If you only want to make doc changes, you just need to be aware of versioned docs.
website/docs- The files here are responsible for the "next" version at https://docusaurus.io/docs/next/installation.
website/versioned_docs/version-X.Y.Z- These are the docs for the X.Y.Z version at https://docusaurus.io/docs/X.Y.Z/installation.
Do not edit the auto-generated files within
versioned_sidebars/ unless you are sure it is necessary. For example, information about new features should not be documented in versioned docs. Edits made to older versions will not be propagated to newer versions of the docs.
A good test plan has the exact commands you ran and their output and provides screenshots or videos if the pull request changes UI. If you've changed APIs, update the documentation.
Tests are integrated into our continuous integration system, so you don't always need to run local tests. However, for significant code changes, it saves both your and the maintainers' time if you can do exhaustive tests locally first to make sure your PR is in good shape. There are many types of tests:
- Build and typecheck. We use TypeScript in our codebase, which can make sure your code is consistent and catches some obvious mistakes early.
- Unit tests. We use Jest for unit tests of API endpoints' behavior. You can run
yarn testin the root directory to run all tests, or
yarn test path/to/your/file.test.tsto run a specific test.
- Dogfooding. Our website itself covers all kinds of potential configuration cases and we even have a dedicated tests area. Don't be afraid to update our website's configuration in your PR—it can help the maintainers preview the effects. We can decide if the website change should be kept when merging and deploying for production.

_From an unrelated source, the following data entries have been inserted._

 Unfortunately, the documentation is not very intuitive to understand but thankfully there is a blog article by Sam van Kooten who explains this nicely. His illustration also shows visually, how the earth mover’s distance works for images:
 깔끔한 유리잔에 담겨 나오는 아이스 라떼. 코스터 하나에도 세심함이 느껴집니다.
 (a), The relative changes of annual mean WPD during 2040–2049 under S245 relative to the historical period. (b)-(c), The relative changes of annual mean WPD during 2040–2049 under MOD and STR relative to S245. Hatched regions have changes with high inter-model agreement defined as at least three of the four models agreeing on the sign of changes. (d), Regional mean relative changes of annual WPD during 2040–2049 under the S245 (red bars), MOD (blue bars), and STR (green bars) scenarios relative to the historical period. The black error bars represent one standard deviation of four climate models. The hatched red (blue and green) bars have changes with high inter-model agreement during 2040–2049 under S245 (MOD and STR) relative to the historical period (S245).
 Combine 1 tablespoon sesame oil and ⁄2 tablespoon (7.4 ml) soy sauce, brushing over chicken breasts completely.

- E2E tests. You can simulate the distribution and installation of the code with your fresh changes. If you need help testing your changes locally, you can check out the doc on doing local third-party testing.
By contributing to Docusaurus, you agree that your contributions will be licensed under its MIT license. Copy and paste this to the top of your new file(s):
* Copyright (c) Facebook, Inc. and its affiliates.

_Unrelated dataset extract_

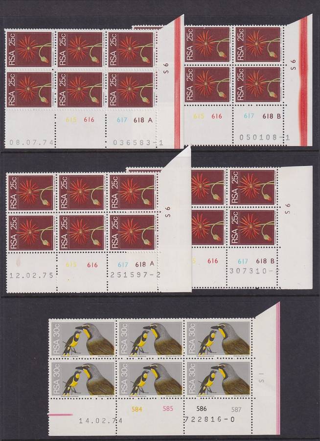 SOUTH AFRICA - 1974 2nd Definitive Series all values in control blocks and different printing dates in both A and B panes if printed as such, 30c to R1 were printed as single panes (97 blocks all MNH)

* This source code is licensed under the MIT license found in the
* LICENSE file in the root directory of this source tree.
This is also auto-fixable with the
header/header ESLint rule.
Contributor License Agreement (CLA)
In order to accept your pull request, we need you to submit a CLA. You only need to do this once, so if you've done this for another Facebook open source project, you're good to go. If you are submitting a pull request for the first time, the Facebook GitHub Bot will reply with a link to the CLA form. You may also complete your CLA here.
After you have signed the CLA, the CLA bot would automatically update the PR status. There's no need to open a new PR.
CLAs are required for us to merge your pull request. While we value your effort and are willing to wait for you to come back and address the reviews in case you are unavailable after sending the pull request, pull requests that are ready to merge but have CLA missing and no response from the author will be closed within two weeks of opening. If you have further questions about the CLA, please stay in touch with us.
If it happens that you were unavailable and your PR gets closed, feel free to reopen once it's ready! We are still happy to review it, help you complete it, and eventually merge it.
When adding a new breaking change, follow this template in your pull request:
### New breaking change here
- **Who does this affect**:
- **How to migrate**:
- **Why make this breaking change**:
- **Severity (number of people affected x effort)**:
What Happens Next?
The core Docusaurus team will be monitoring pull requests. Do help us by keeping pull requests consistent by following the guidelines above.